This task calls for every entry below to be repeated exactly, without the pictures.
BEGIN Records
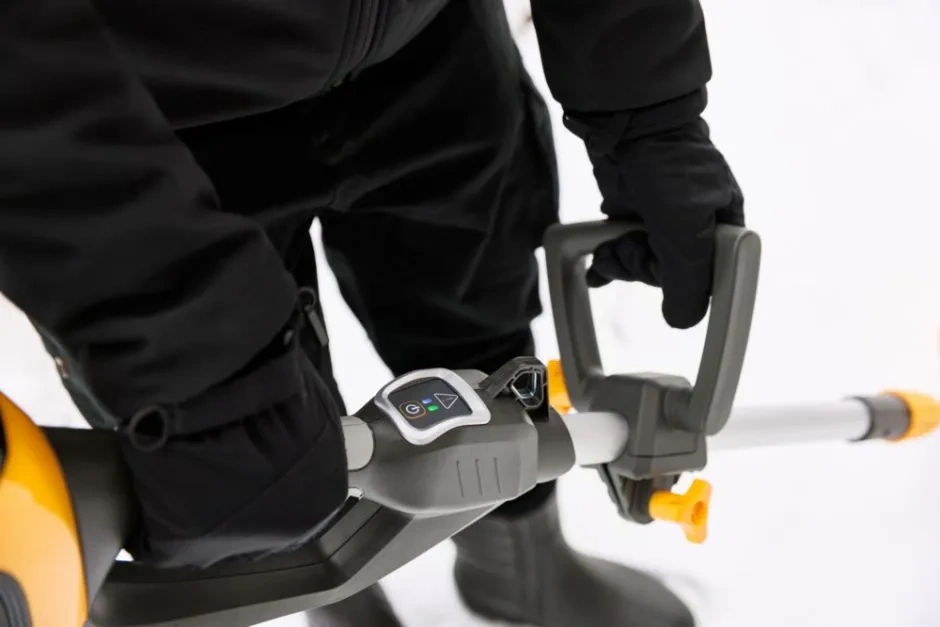 Odśnieżarka akumulatorowa STIGA ST 300e ułatwia szybkie odśnieżanie, dlatego nie tracisz czasu na ustawienia. Wkładasz akumulator do szczelnego gniazda, więc przygotowanie trwa chwilę. Następnie chwytasz miękki uchwyt z pętlą i naciskasz przycisk ON/OFF. Dzięki temu urządzenie startuje od razu, a Ty szybko ruszasz do pracy. W efekcie sprawnie oczyścisz schody, taras lub podjazd przed wyjściem.
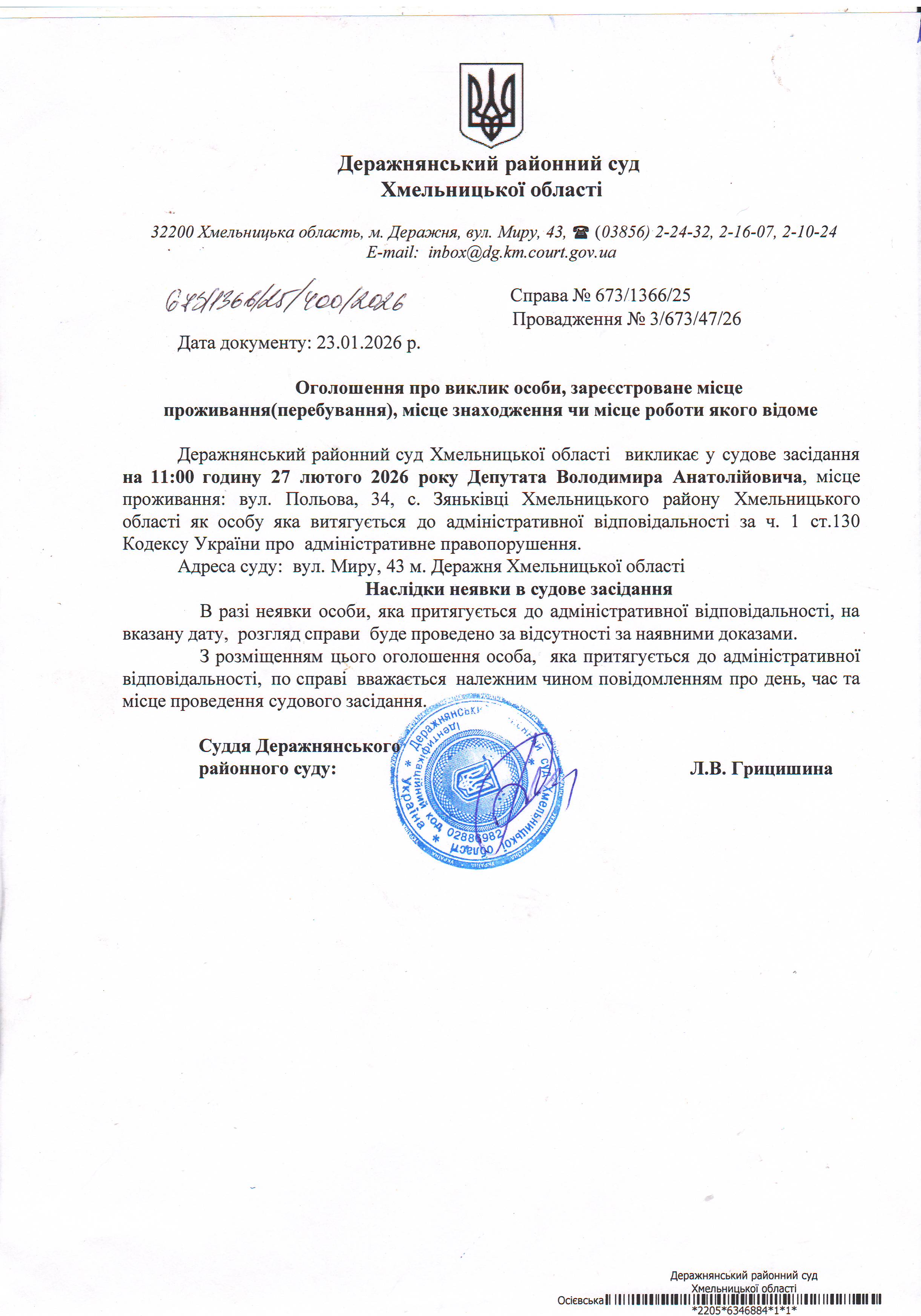 Оголошення про виклик до суду Депутата Володимира Анатолійовича
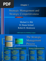 9. Achieving effective strategic control. Strategic controls enable a rm to implement strategies effectively. Informational controls involve comparing performance to stated goals and scanning, monitoring, and being responsive to the environment. Behavioral controls emerge from a companys culture, reward systems, and organizational boundaries. When assessing the impact of strategic controls on implementation, consider asking: I Is the company employing the appropriate informational control systems? If not, how can it implement a more interactive approach to enhance learning and minimize response times? I Does the company have a strong and effective culture? If not, what steps can it take to align its values and rewards system with its goals and objectives? I Has the company implemented control systems that match its strategies? If so, what additional steps can be taken to improve performance? 10. Creating effective organization designs. Organizational designs that align with competitive strategies can enhance performance. As companies grow and change, their structures must also evolve to meet new demands. In todays economy, rm boundaries must be exible and permeable to facilitate smoother interactions with external parties such as customers, suppliers, and alliance partners. New forms of organizing are becoming more common. When evaluating the role of organizational structure on strategy implementation, consider asking: I Has the company implemented organizational structures that are suited to the type of business it is in? If not, how can it alter the design in ways that enhance its competitiveness? I Is the company employing boundaryless organizational designs where appropriate? If so, how are senior managers maintaining control of lower-level employees? I Does the company use outsourcing to achieve the best possible results? If not, what criteria should it use to decide which functions can be outsourced? 11. Creating a learning organization and an ethical organization. Strong leadership is essential for achieving competitive advantages. Two leadership roles are especially important. The rst is creating a learning organization by harnessing talent and encouraging the development of new knowledge. Second, leaders play a vital role in motivating employees to excellence and inspiring ethical behavior. When exploring the impact of effective strategic leadership, consider asking: I Do company leaders promote excellence as part of the overall culture? If so, how has this inuenced the performance of the rm and the individuals in it? I Is the company committed to being a learning organization? If not, what can it do to capitalize on the individual and collective talents of organization members? I Have company leaders exhibited an ethical attitude in their own behavior? If not, how has their behavior inuenced the actions of other employees? 12. Fostering corporate entrepreneurship and new venture creation. Many rms continually seek new growth opportunities and avenues for strategic renewal. In corporate settings, the autonomous actions of product champions and other rm members provide companies with the impetus to expand into new areas. Young and small businesses also
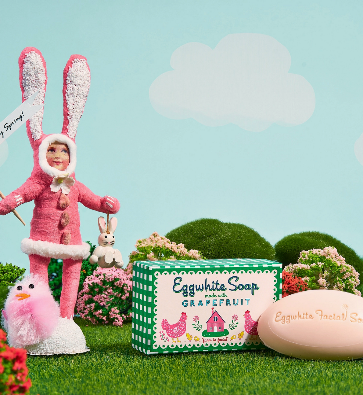 Farm-to-facial fun: Add some warm water to your Eggwhite bar to create a lovely, rich lather. Smooth over your face and neck. Let it work its magic for five minutes. Then, gently rinse off and pat dry. Enjoy the radiant glow!
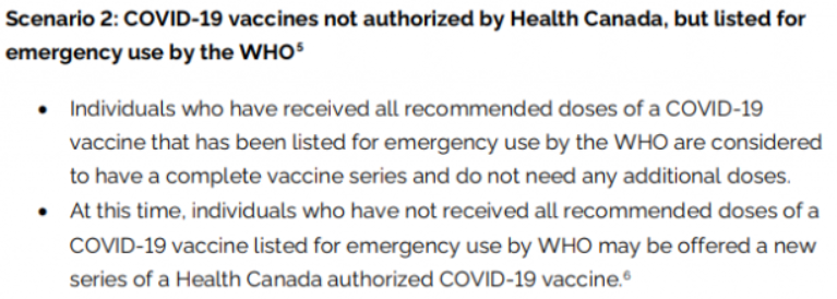 文件明确指出,如果你接种的不是加拿大官方认可的疫苗,但属于已被世卫批准紧急使用的疫苗,那就被视为已经完成了疫苗接种。
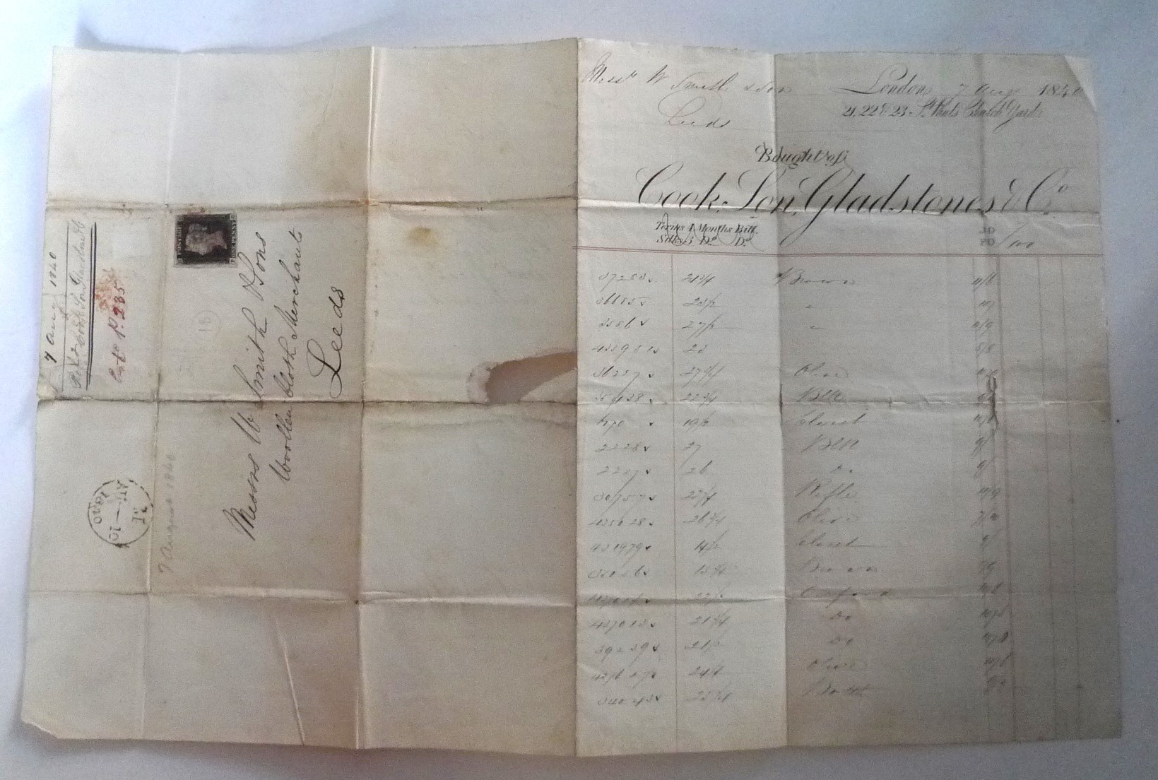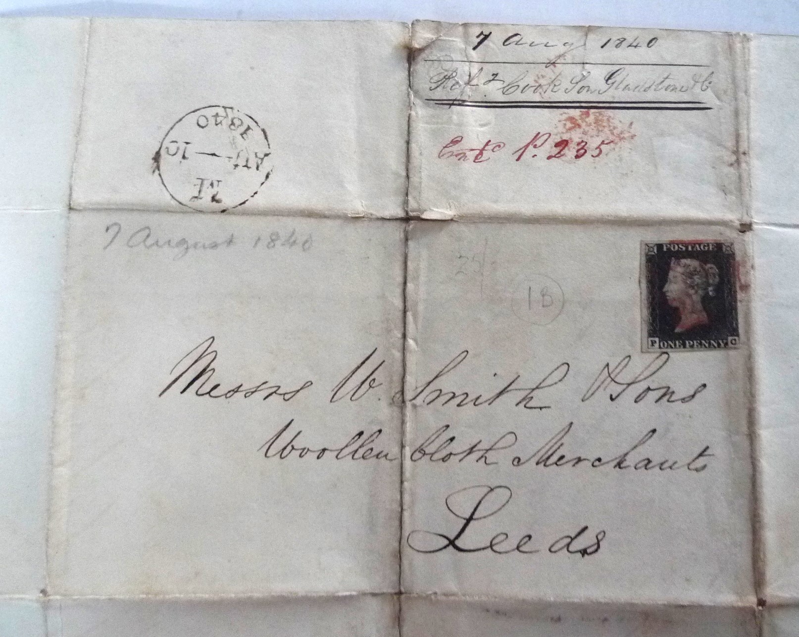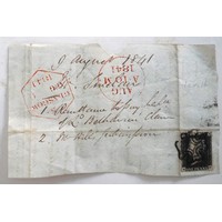 Penny Black cover. Dated August 10th 1840. Very light red Maltese cross cancellation.
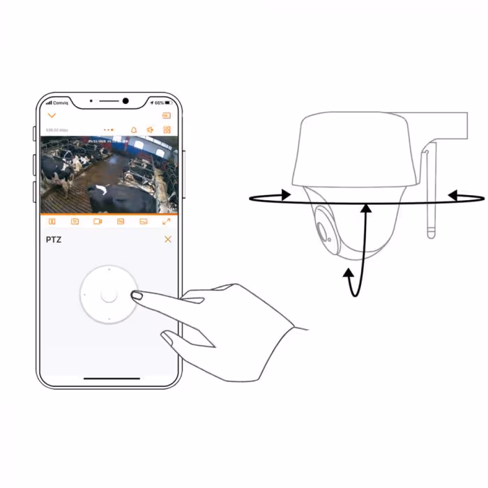 Grâce au Wifi prenez le contrôle de la caméra et visualiser les images sur PC, Smartphone, MAC à l’aide de l’application « FarCam 2.0 ». Plusieurs utilisateurs peuvent installer l’application sur leur smartphone et regarder/enregistrer une vidéo en direct ou lire des vidéos précédemment enregistrées. La caméra peut pivoter de 355° horizontalement et 140° verticalement grâce à son moteur.
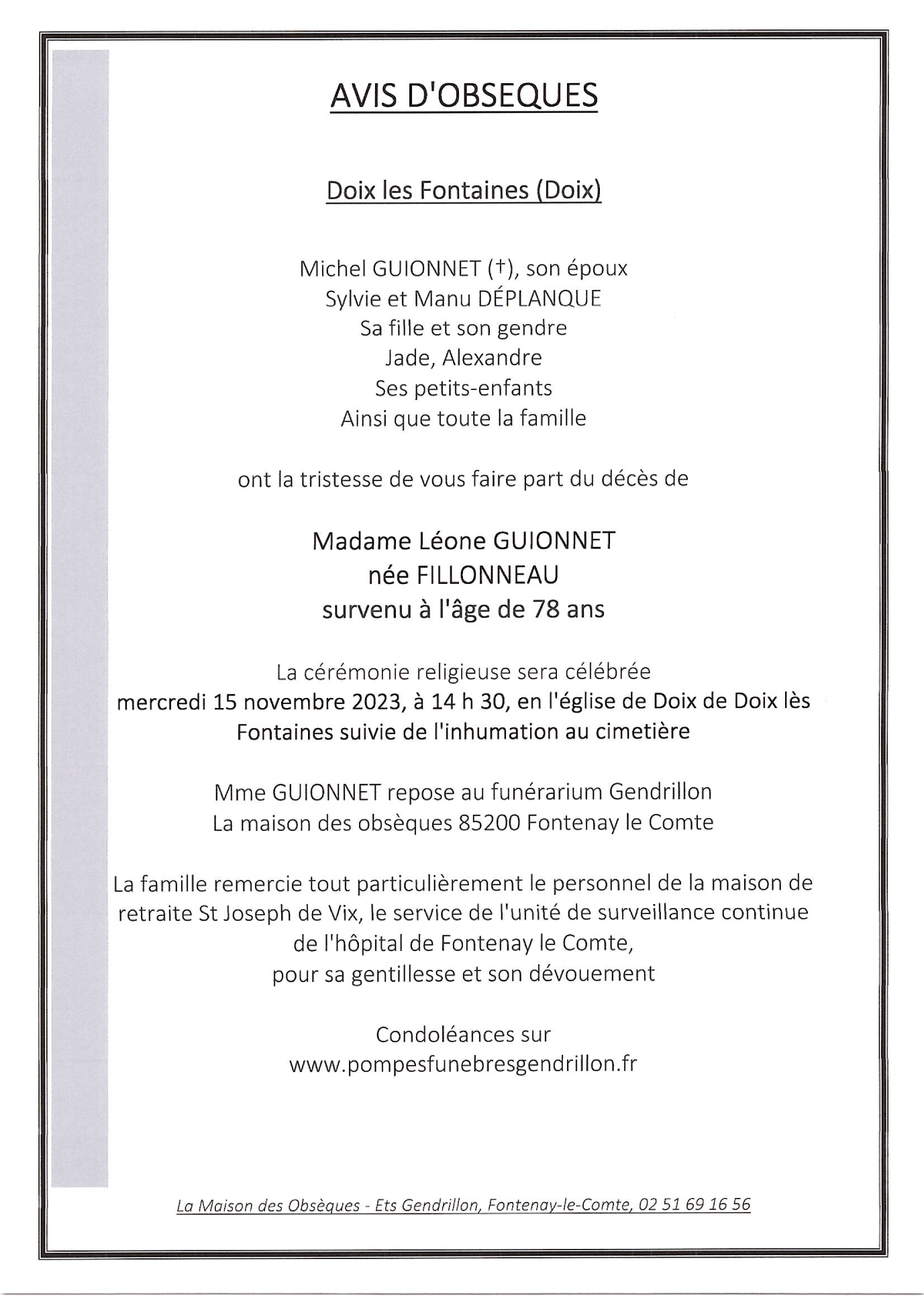Cet espace « condoléances » est dédié à la mémoire de Madame LÉONE GUIONNET née FILLONNEAU.
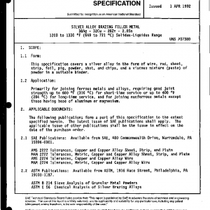 This specification covers a silver alloy in the form of wire, rod, sheet, strip, foil, pig, powder, shot, and chips, and a viscous mixture (paste) of powder in a suitable binder.
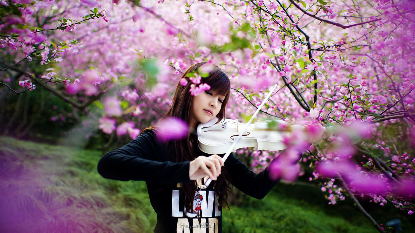 邻家女孩张嘉庭户外绿植主题免费电脑美女壁纸下载
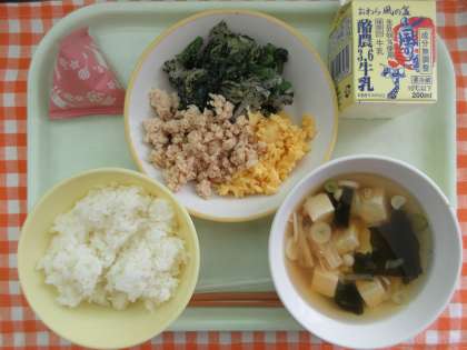 今日の献立は、そぼろ丼、よごし、すまし汁、ひなあられ、牛乳です。
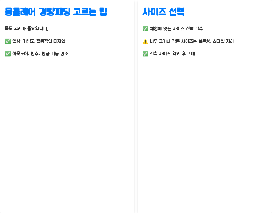 나에게 맞는 몽클레어 경량패딩 고르는 팁
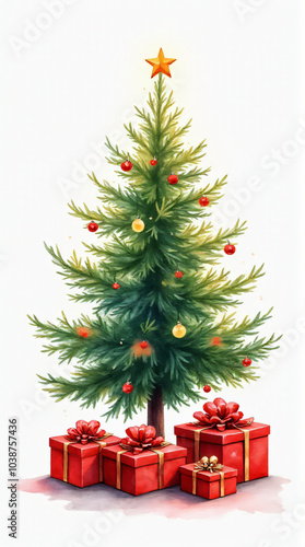 happy, new, year, illustration, feature, christmas, tree, red, gift, box, beautiful, watercolor, style, stock, clip, art, design, element
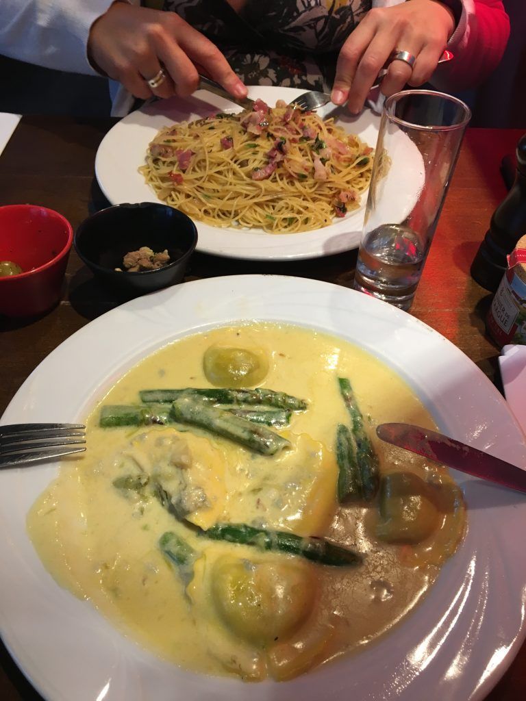 Le premier set se passe bien, je profite de l’entracte pour manger un bout. Ma Lovely Roadie reçoit une belle assiette de pâtes et moi des ravioles aux asperges dans une belle sauce. C’est très bon. Sur Internet les gens louent les repas et la carte des spiritueux, une réputation qui n’a pas l’air usurpée.
END Records
* Response area:
 Odśnieżarka akumulatorowa STIGA ST 300e ułatwia szybkie odśnieżanie, dlatego nie tracisz czasu na ustawienia. Wkładasz akumulator do szczelnego gniazda, więc przygotowanie trwa chwilę. Następnie chwytasz miękki uchwyt z pętlą i naciskasz przycisk ON/OFF. Dzięki temu urządzenie startuje od razu, a Ty szybko ruszasz do pracy. W efekcie sprawnie oczyścisz schody, taras lub podjazd przed wyjściem.
 Оголошення про виклик до суду Депутата Володимира Анатолійовича
 9. Achieving effective strategic control. Strategic controls enable a rm to implement strategies effectively. Informational controls involve comparing performance to stated goals and scanning, monitoring, and being responsive to the environment. Behavioral controls emerge from a companys culture, reward systems, and organizational boundaries. When assessing the impact of strategic controls on implementation, consider asking: I Is the company employing the appropriate informational control systems? If not, how can it implement a more interactive approach to enhance learning and minimize response times? I Does the company have a strong and effective culture? If not, what steps can it take to align its values and rewards system with its goals and objectives? I Has the company implemented control systems that match its strategies? If so, what additional steps can be taken to improve performance? 10. Creating effective organization designs. Organizational designs that align with competitive strategies can enhance performance. As companies grow and change, their structures must also evolve to meet new demands. In todays economy, rm boundaries must be exible and permeable to facilitate smoother interactions with external parties such as customers, suppliers, and alliance partners. New forms of organizing are becoming more common. When evaluating the role of organizational structure on strategy implementation, consider asking: I Has the company implemented organizational structures that are suited to the type of business it is in? If not, how can it alter the design in ways that enhance its competitiveness? I Is the company employing boundaryless organizational designs where appropriate? If so, how are senior managers maintaining control of lower-level employees? I Does the company use outsourcing to achieve the best possible results? If not, what criteria should it use to decide which functions can be outsourced? 11. Creating a learning organization and an ethical organization. Strong leadership is essential for achieving competitive advantages. Two leadership roles are especially important. The rst is creating a learning organization by harnessing talent and encouraging the development of new knowledge. Second, leaders play a vital role in motivating employees to excellence and inspiring ethical behavior. When exploring the impact of effective strategic leadership, consider asking: I Do company leaders promote excellence as part of the overall culture? If so, how has this inuenced the performance of the rm and the individuals in it? I Is the company committed to being a learning organization? If not, what can it do to capitalize on the individual and collective talents of organization members? I Have company leaders exhibited an ethical attitude in their own behavior? If not, how has their behavior inuenced the actions of other employees? 12. Fostering corporate entrepreneurship and new venture creation. Many rms continually seek new growth opportunities and avenues for strategic renewal. In corporate settings, the autonomous actions of product champions and other rm members provide companies with the impetus to expand into new areas. Young and small businesses also
 Farm-to-facial fun: Add some warm water to your Eggwhite bar to create a lovely, rich lather. Smooth over your face and neck. Let it work its magic for five minutes. Then, gently rinse off and pat dry. Enjoy the radiant glow!
 文件明确指出,如果你接种的不是加拿大官方认可的疫苗,但属于已被世卫批准紧急使用的疫苗,那就被视为已经完成了疫苗接种。
 Penny Black cover. Dated August 10th 1840. Very light red Maltese cross cancellation.
 Grâce au Wifi prenez le contrôle de la caméra et visualiser les images sur PC, Smartphone, MAC à l’aide de l’application « FarCam 2.0 ». Plusieurs utilisateurs peuvent installer l’application sur leur smartphone et regarder/enregistrer une vidéo en direct ou lire des vidéos précédemment enregistrées. La caméra peut pivoter de 355° horizontalement et 140° verticalement grâce à son moteur.
Cet espace « condoléances » est dédié à la mémoire de Madame LÉONE GUIONNET née FILLONNEAU.
 This specification covers a silver alloy in the form of wire, rod, sheet, strip, foil, pig, powder, shot, and chips, and a viscous mixture (paste) of powder in a suitable binder.
 邻家女孩张嘉庭户外绿植主题免费电脑美女壁纸下载
 今日の献立は、そぼろ丼、よごし、すまし汁、ひなあられ、牛乳です。
 나에게 맞는 몽클레어 경량패딩 고르는 팁
 happy, new, year, illustration, feature, christmas, tree, red, gift, box, beautiful, watercolor, style, stock, clip, art, design, element
 Le premier set se passe bien, je profite de l’entracte pour manger un bout. Ma Lovely Roadie reçoit une belle assiette de pâtes et moi des ravioles aux asperges dans une belle sauce. C’est très bon. Sur Internet les gens louent les repas et la carte des spiritueux, une réputation qui n’a pas l’air usurpée.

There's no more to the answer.